We give new and efficient black-box reconstruction algorithms for some classes of depth-$3$ arithmetic circuits. As a consequence, we obtain the first efficient algorithm for computing the tensor rank and for finding the optimal tensor decomposition as a sum of rank-one tensors when then input is a {\it constant-rank} tensor. More specifically, we provide efficient learning algorithms that run in randomized polynomial time over general fields and in deterministic polynomial time over $\mathbb R$ and $\mathbb C$ for the following classes:
\begin{enumerate}
\item {\it Set-multilinear depth-$3$ circuits of constant top fan-in ($\Sigma\Pi\Sigma_{{\sqcup_j X_j}}(k)$ circuits)}. As a consequence of our algorithm, we obtain the first polynomial time algorithm for tensor rank computation and optimal tensor decomposition of constant-rank tensors.
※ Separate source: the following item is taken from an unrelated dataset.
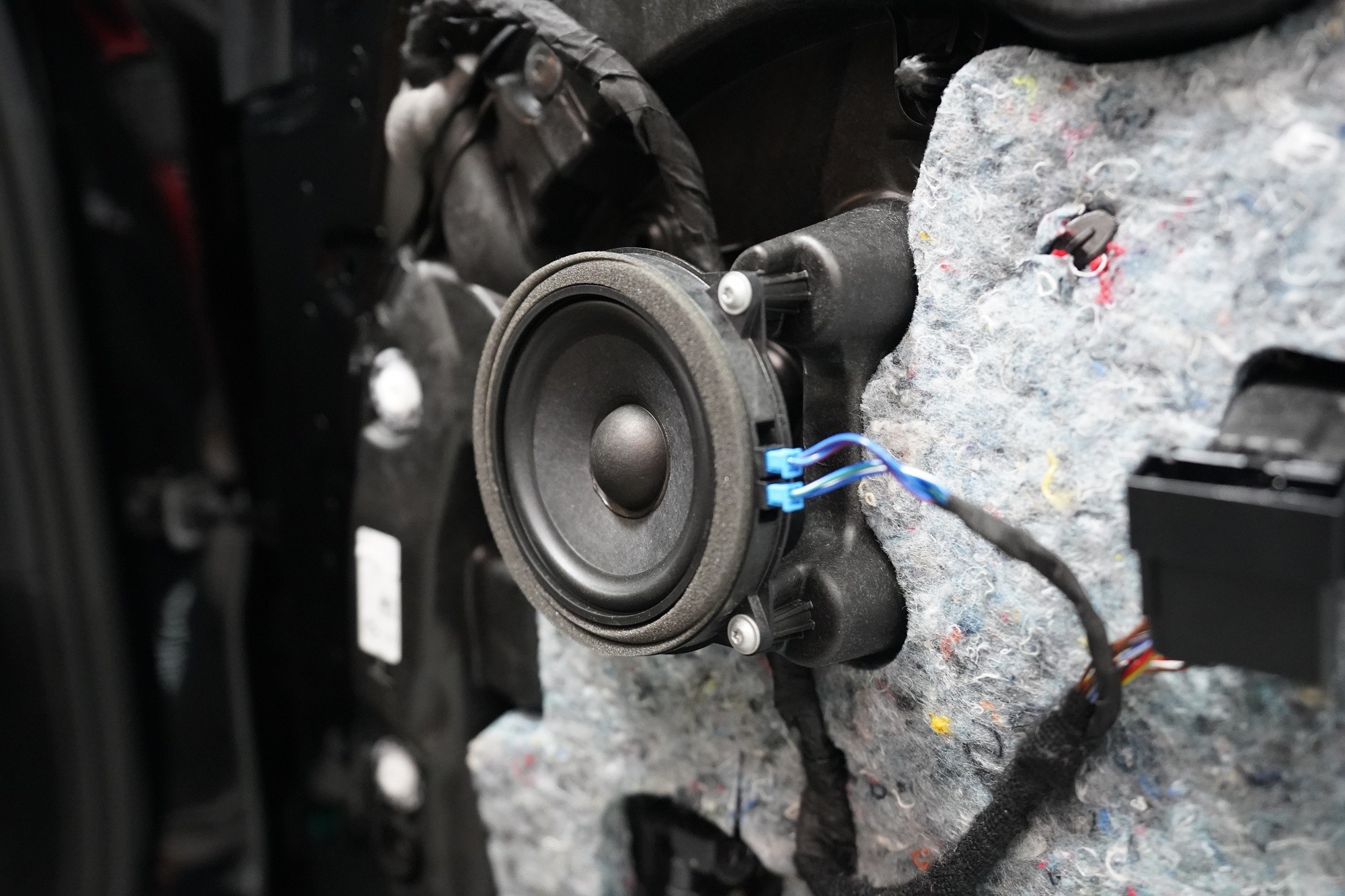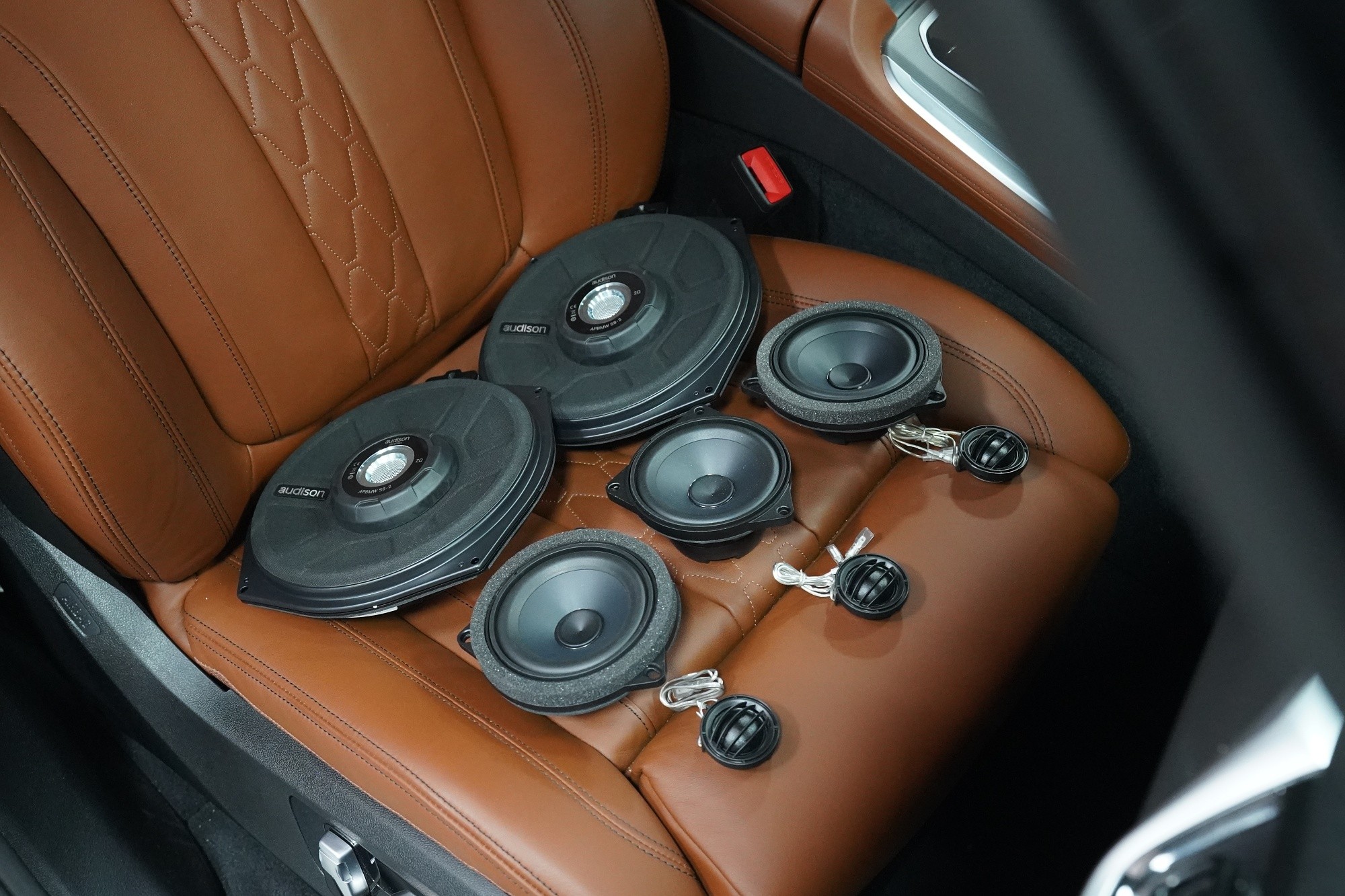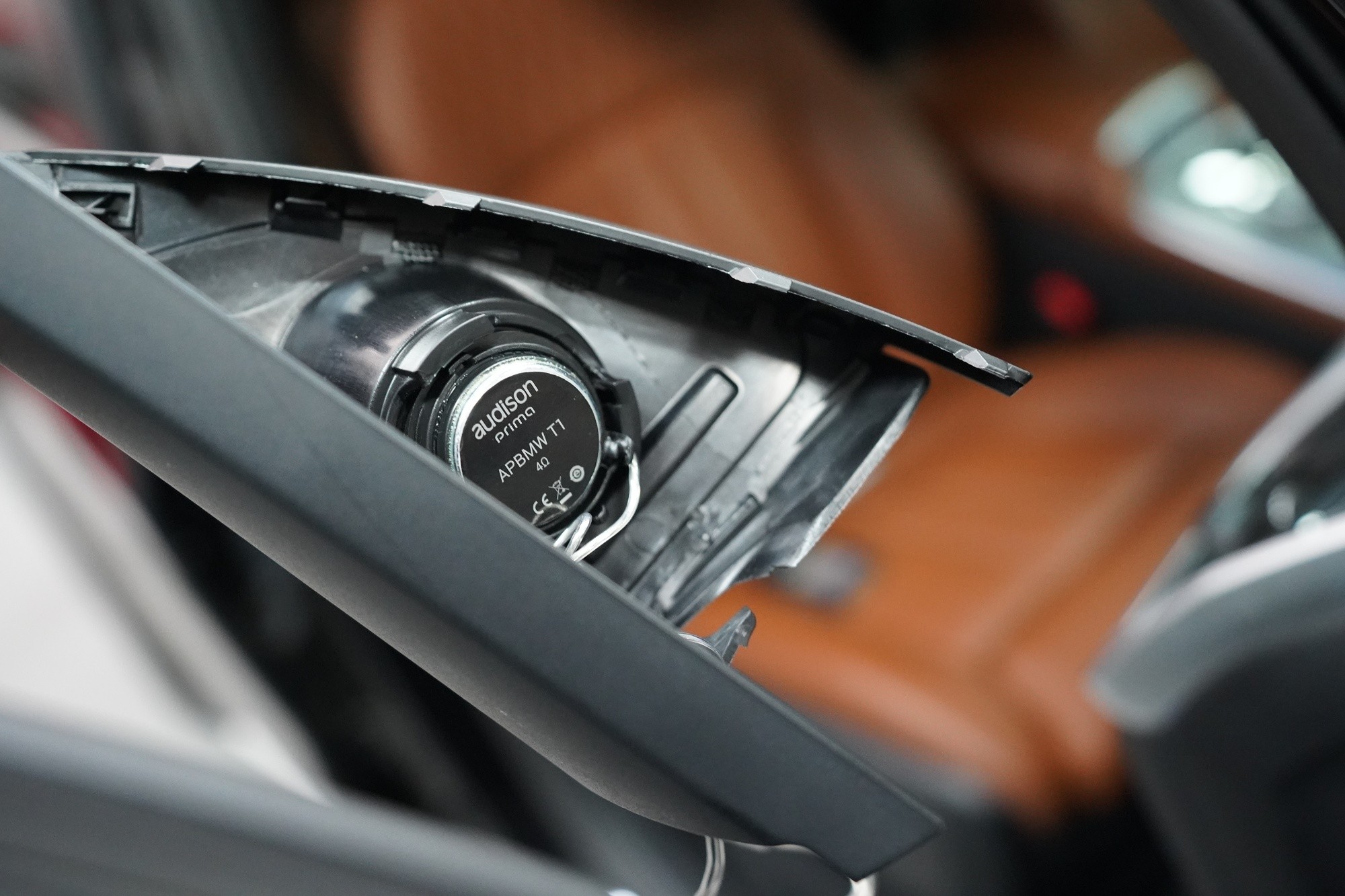 Ново озвучаване на автомобил BMW X5 от последното поколение. С изключение на задните говорители, които собственикът пожела да запази, сменихме всички говорители с OEM говорители на италианския производител Audison, които се отличават с отличен звук, динамика и висока чувствителност, благодарение на която не е необходимо инсталирането на усилвател. Говорителите Audison впечатляват и с инсталация без каквото и да е намеса в оригиналната електроинсталация благодарение на специфичната кабелировка и форма на говорителите, което осигурява интеграция с фабричната система, без да е необходимо рязане, запояване или прокарване на нови кабели. Така няма риск да загубите гаранцията на новия автомобил и озвучаването може да бъде демонтирано по всяко време и всичко да бъде върнато в първоначалното състояние. Конкретно инсталирахме компонентни говорители във предните врати, централен говорител в таблото и субуфери под седалките на водача и пътника. Резултатът е значително по-качествено озвучаване с повече детайли и по-динамичен и прецизен басов компонент. И всичко това за 6 часа работа.
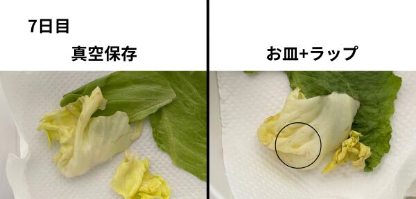 真空保存はレタスの乾燥と酸化を防ぐ効果があると考えられます。

This result holds for $d$ dimensional tensors for any $d$, but is interesting even for $d=3$.
\item {\it Sums of powers of constantly many linear forms ($\Sigma\!\wedge\!\Sigma(k)$ circuits)}. As a consequence we obtain the first polynomial-time algorithm for tensor rank computation and optimal tensor decomposition of constant-rank symmetric tensors.
\item {\it Multilinear depth-3 circuits of constant top fan-in (multilinear $\Sigma\Pi\Sigma(k)$ circuits)}. Our algorithm works over all fields of characteristic 0 or large enough characteristic. Prior to our work the only efficient algorithms known were over polynomially-sized finite fields \cite{KarninShpilka09}.
\end{enumerate}
Prior to our work, the only polynomial-time or even subexponential-time algorithms known (deterministic or randomized) for subclasses of $\Sigma\Pi\Sigma(k)$ circuits that also work over large/infinite fields were for the setting when the top fan-in $k$ is at most $2$ \cite{Sin16, Sin20}.